Now that we have created our data objects, it's time to index ("upsert") them into our index!

Since we want to sub-divide our index into language-based `namespaces`, you'll see below that each time we call the `.upsert()` method, we also specify a `namespace` parameter. For our example, each namespace corresponds to the language of the dataset.

We will index our data into our index in small batches of `100`. Read more about batch-indexing [here](#https://docs.pinecone.io/docs/insert-data#batching-upserts).

In [25]:
BATCH_SIZE = 100

def batch_upsert(data: list[dict], index: pinecone.Index, namespace: str):
    """
    Upsert data objects to a Pinecone index in batches.

    :param data: Data objects we want to upsert.
    :param index: Index into which we want to upsert our data objects.
    :namespace: Namespace within our index into which we want to upsert our data objects.
    """
    for i in range(0, len(data), BATCH_SIZE):
        batch = data[i:i+BATCH_SIZE]
        # print(batch)
        index.upsert(vectors=batch, namespace=namespace)


# NOTE:
# - In Production, you'll want to have a try/except loop here to catch upsert errors.
# - You'll also likely want to optimize your batching as you scale your data. Parallelization and using generator objects will
#   significantly improve your batch performance.
# - Last, you'll want to confirm that the # of vectors you upsert matches the # of vectors you intend to upsert.

#### English

In [26]:
# English
batch_upsert(data_objs_en, demo_index, 'en')

In [27]:
# Confirm there are indeed 737 vectors added to our index in the 'en' namespace. Perfect!
demo_index.describe_index_stats()

{'dimension': 1536,
 'index_fullness': 0.0,
 'namespaces': {'en': {'vector_count': 737}},
 'total_vector_count': 737}

#### Italian

In [28]:
# Italian
batch_upsert(data_objs_it, demo_index, 'it')

In [29]:
# Confirm there are 490 vectors added to our index in the 'it' namespace
demo_index.describe_index_stats()

{'dimension': 1536,
 'index_fullness': 0.0,
 'namespaces': {'en': {'vector_count': 737}, 'it': {'vector_count': 490}},
 'total_vector_count': 1227}

#### French

In [30]:
# French
batch_upsert(data_objs_fr, demo_index, 'fr')

In [31]:
# Confirm there are 199 vectors added to our index in the 'fr' namespace. Perfect!
demo_index.describe_index_stats()

{'dimension': 1536,
 'index_fullness': 0.0,
 'namespaces': {'en': {'vector_count': 737},
                'fr': {'vector_count': 199},
                'it': {'vector_count': 490}},
 'total_vector_count': 1426}

## Step 5. Query Our Data

Now that we have all of our data objects in our index, it's time for the fun part: querying.

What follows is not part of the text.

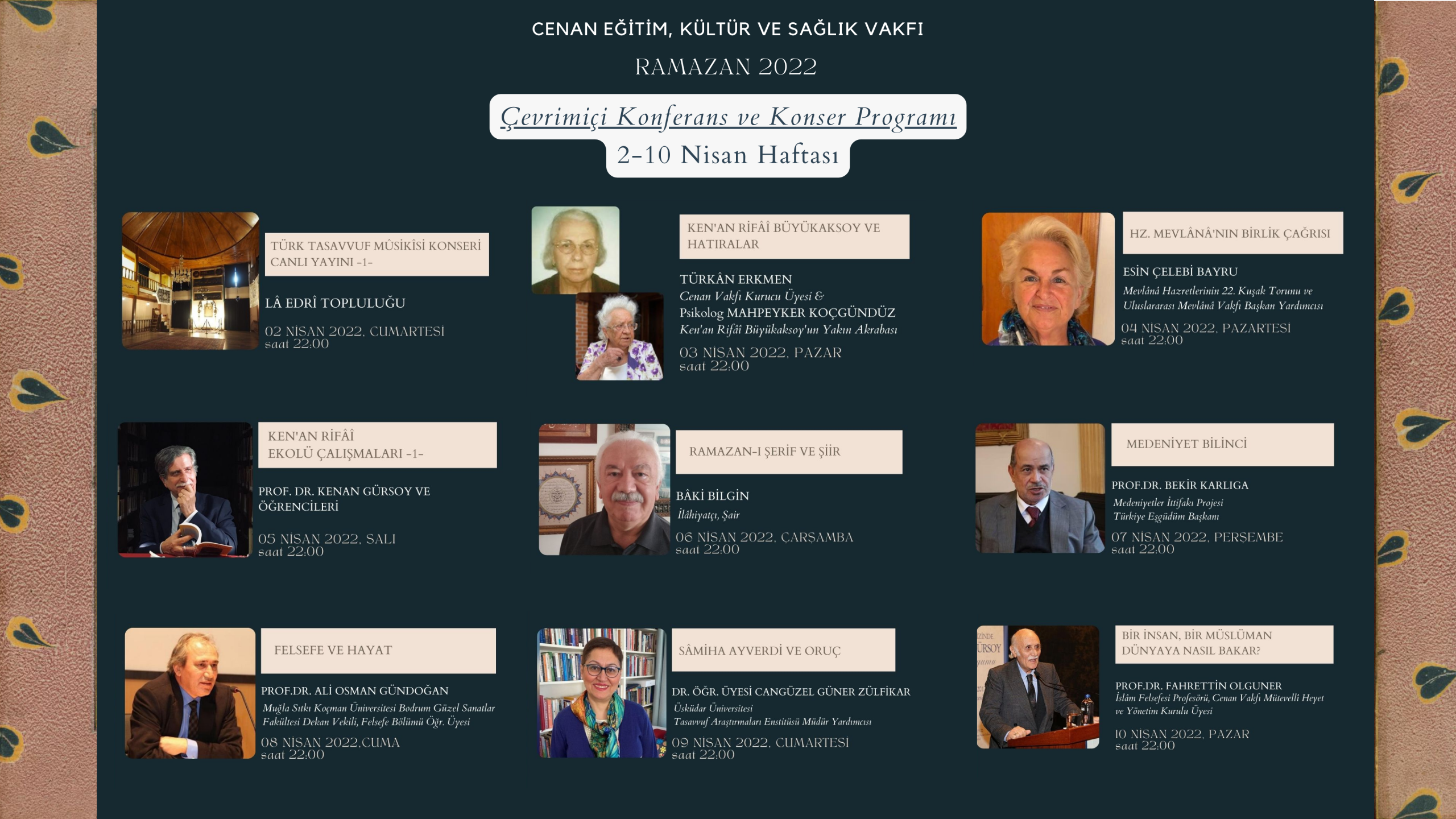 Cenan Eğitim, Kültür ve Sağlık Vakfı olarak Ramazan ayı boyunca devam edecek çevrimiçi konferans ve…

First let's come up with some fun queries in different languages, then let's create tenants to ask those queries.

In [32]:
# English
query_en = "Who is Wilhelm Weitling?"  # This should get us back some chunks of text from our Anarchism Wikipedia article

# Italian
query_it = "Chi è un famoso antropologo?"  # Here we are asking "Who is a famous Anthropologist?" This should get us results from the Antropologia article

# French
query_fr = "Qu’est-ce que l’espace vectoriel?" # This one is very apropos: "What is vector space?" This should get us results from the Algèbre linéaire article

In [33]:
# Tenants dict
tenants = [{
            'name': 'Audrey',
            'native_language': 'en',
            'query': query_en

            },
           {
             "name": "Michele",
             "native_language": 'it',
             "query": query_it
           },
           {
             "name": 'Pierre',
             "native_language": 'fr',
             "query": query_fr
           }]


### Step 5a. Create Vectorized Queries to Send to our Index

Since we are dealing with vector space, we can't simply execute a natural language query.

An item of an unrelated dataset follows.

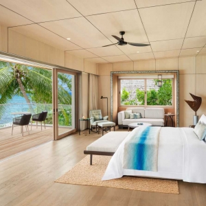 Breezy and inviting, the terrace boasts a 16-square-meter private plunge pool framed by sun loungers and a plush daybed. A wooden gazebo provides a romantic sitting area while four overwater hammocks invite guests to soak up the tropical sun. Visible through towering sliding glass doors, the terrace adjoins a flawless living room elevated by rich mahogany floors. The perfect setting for an intimate meal, the open floor plan features a refined dining table that seats four. State-of-the-art technology includes a Bang & Olufsen 55-inch LCD television and sound system as well as iPad room controls. An elegant writing desk enhanced with multimedia connectivity provides a comfortable workspace. A guest powder room is conveniently located off the living room.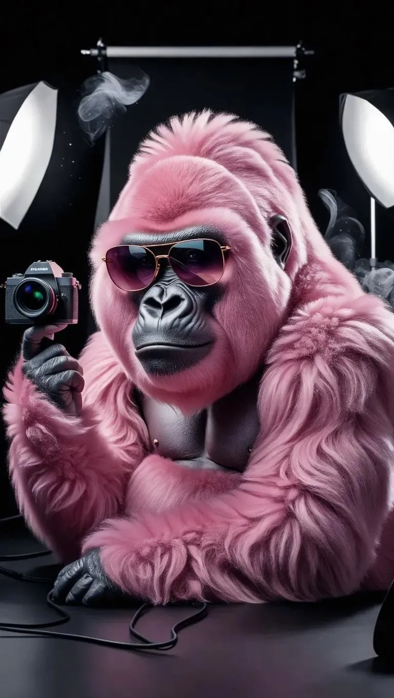 Capture a surreal fantasy fashion photoshoot with a fluffy pink gorilla in sunglasses. Studio shot on black background, soft lighting, magical tone. Full-body left-side camera angle. Create professional AI-generated visuals with vivago.ai's advanced tools for stunning, imaginative content.

Instead, we need to turn our query into a language that's understandable by our vector database -- we need to *vectorize* our query. Once vectorized, *then* can send it on through to our index & get results back.


To vectorize our queries, we need to send them through the same model (`ada-002`) that we used to vectorize our Wikipedia articles.

In [34]:
def vectorize_query(model: OpenAIEmbeddings, query: str) -> list[float]:
    """
    Given a vectorization model & query, create an embedding.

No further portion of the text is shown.